Il Coronavirus ci sta ricordando quanto siamo piccoli e quanto le tradizioni religiose, per quanto possiamo essere o no credenti, sono tutto ciò che ci ricordano l'appartenenza.
Risucchiati dalla paura, dagli arresti domiciliari in cui questo virus ci ha condannato, sballottati dalla paura dell’altro e del contatto, ci siamo risvegliati, oggi, nella mattina del 19 marzo: festa dei papà e di San Giuseppe. Autentico padre e marito della nostra Achiropita ha sempre avuto un’aura particolare per l’area bizantina di Corigliano Rossano. Il virus, oltre che la libertà, ci chiede di sacrificare anche il senso della comunità che questo giorno si porta con sé. Quest’anno, anche per preservare i tanti nonni che sono anche papà - e chissà quanti si chiamano Giuseppe -, si resta a casa e si rispettano le regole.
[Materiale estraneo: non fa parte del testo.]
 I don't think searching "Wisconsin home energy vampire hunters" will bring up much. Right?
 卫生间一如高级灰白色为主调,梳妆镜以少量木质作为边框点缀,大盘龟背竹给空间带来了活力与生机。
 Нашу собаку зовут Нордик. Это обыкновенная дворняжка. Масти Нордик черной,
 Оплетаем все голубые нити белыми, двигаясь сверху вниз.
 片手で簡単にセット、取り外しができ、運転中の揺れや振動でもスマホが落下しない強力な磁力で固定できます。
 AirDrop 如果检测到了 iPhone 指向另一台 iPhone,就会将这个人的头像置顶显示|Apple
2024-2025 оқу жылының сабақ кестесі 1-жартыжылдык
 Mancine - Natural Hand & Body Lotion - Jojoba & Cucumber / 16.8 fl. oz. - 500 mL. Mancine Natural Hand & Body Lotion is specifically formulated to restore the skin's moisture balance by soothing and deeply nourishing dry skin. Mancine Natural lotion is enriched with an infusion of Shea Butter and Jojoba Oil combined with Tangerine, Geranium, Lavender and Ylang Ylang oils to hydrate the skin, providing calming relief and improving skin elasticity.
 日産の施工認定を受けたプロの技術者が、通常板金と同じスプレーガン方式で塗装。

“U mmit e San Giuseppe” da offrire ai vicini, quest’anno poco importante se salterà, il prossimo anno
i tagghjarin e cicir cu baccalà saranno più buoni perché avranno il sapore del sacrificio e dell’attesa, valori che abbiamo immolato sugli altari del consumismo, del benessere ostentato e del tutto e subito. Ciò che non ti uccide ti rende più forte, proprio come quel carpentiere che scappò in Egitto, trapassò le avversità e conobbe con Maria l’isolamento per difendere il bambino che cambiò il mondo. San Giuseppe il santo dei moribondi e dei lavoratori, oggi due facce della stessa medaglie, messi all’angolo dallo stesso virus. Ma dopo aver attraversato i deserti e passato il Mar Rosso, per tutti c’è Nazareth: c’è casa.